Крестики-нолики - [53]

Шрифт
Интервал

— Чего это они? А?..

— Вы действительно куда-то? — начал исподволь Сергей.

— Уезжаем мы! — не дал доспросить Ник.

— С отцом? — как за последнюю надежду, ухватился Шашапал.

— Почему с отцом? — скорчил презрительную гримасу Иг. — Что нам, по три года? Мы и сами ездить умеем…

— А как же наш Союз?

— Вот мы и пришли предупредить, что выходим из Союза, — поставил точку над «и» Ник. — Так уж получается.
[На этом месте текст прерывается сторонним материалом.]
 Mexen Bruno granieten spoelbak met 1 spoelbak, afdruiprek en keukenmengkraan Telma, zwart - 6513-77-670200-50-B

— Но почему? — Шашапал не хотел, не мог смириться с тем, чтобы все лучшее из того, что было у него сейчас в жизни, так стремительно обрушилось, полетело под откос. — Вы же маму свою дождаться должны.

— Должны, должны, должны, должны, — все быстрее подбивая ногой жостку, точно решив самого себя обогнать, задолдонил Иг, кружась на одном месте.
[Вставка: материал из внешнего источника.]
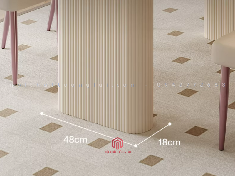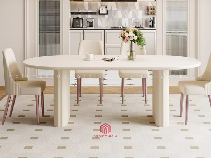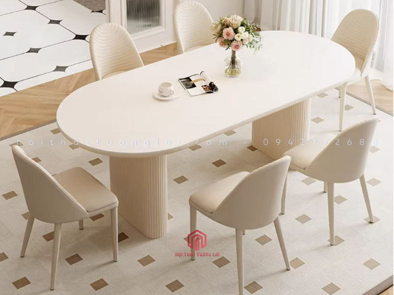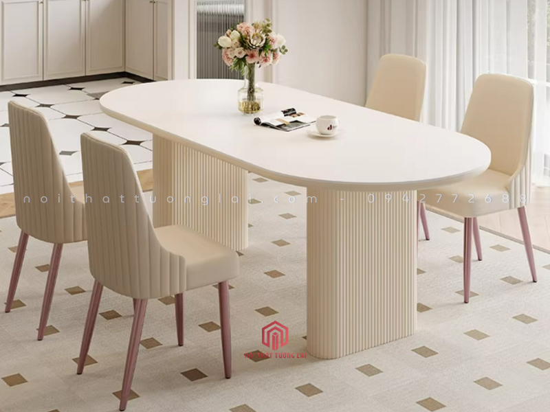 Mặt bàn dạng oval bo cong toàn bộ cạnh giúp tăng tính thẩm mỹ và an toàn khi sử dụng, đặc biệt phù hợp với gia đình có trẻ nhỏ. Kiểu dáng này cũng giúp không gian trở nên mềm mại và hiện đại hơn.

Ник выхватил из рук Шашапала обломок ножа с искореженной ручкой (что презентовала Вера Георгиевна внуку для игры в землемеры), быстро, без промахов и осечек, принялся всаживать нож в центр земляного круга, где был нарисован кот с косыми глазами.
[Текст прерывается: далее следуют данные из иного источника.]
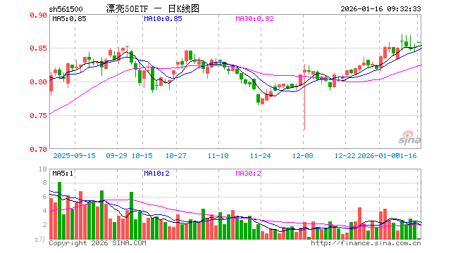 1月16日,漂亮50ETF(561500)开盘涨0.94%,报0.858元。漂亮50ETF(561500)重仓股方面,东方财富开盘涨0.96%,恒瑞医药涨0.28%,阳光电源涨1.44%,迈瑞医疗涨0.21%,豪威集团涨0.82%,万华化学涨0.87%,福耀玻璃跌0.31%,金山办公跌0.92%,同花顺涨1.68%,天孚通信涨1.35%。
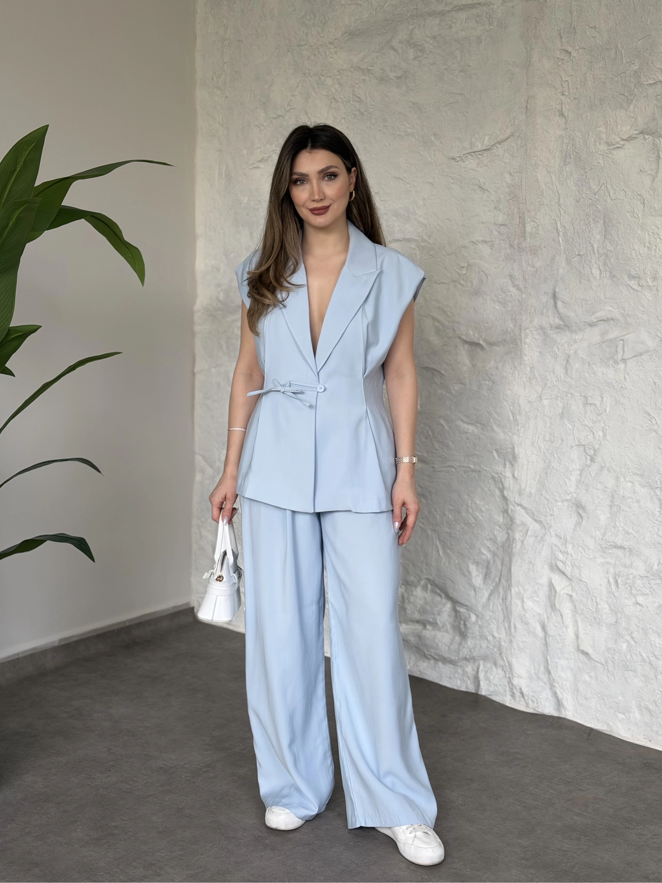Sıfır kol belden bağlamalı kumaş takım siyah

И тут, будто из-под земли прогрызлись, подкатили к ним улыбчивыми пряниками Харч и Щава.

— Кореша! — ощерясь кривозубым ртом, забасил Харч. — Мы к вашей бранже с приветом от Чапельника! Просим угощаться семечками жареными-калеными!

Харч горсть за горстью принялся выволакивать из засаленного кармана кацавейки черные семечки.

— Покумекали мы тут, поприкидывали, — вторя Харчу, загундосил Щава, — и куда ни кинь получается — ни к чему нам с вами друг на друга зубы точить. Кругом столько добра дармового в руки просится, а мы вместо того, чтобы калым совместно брать, своих метелим.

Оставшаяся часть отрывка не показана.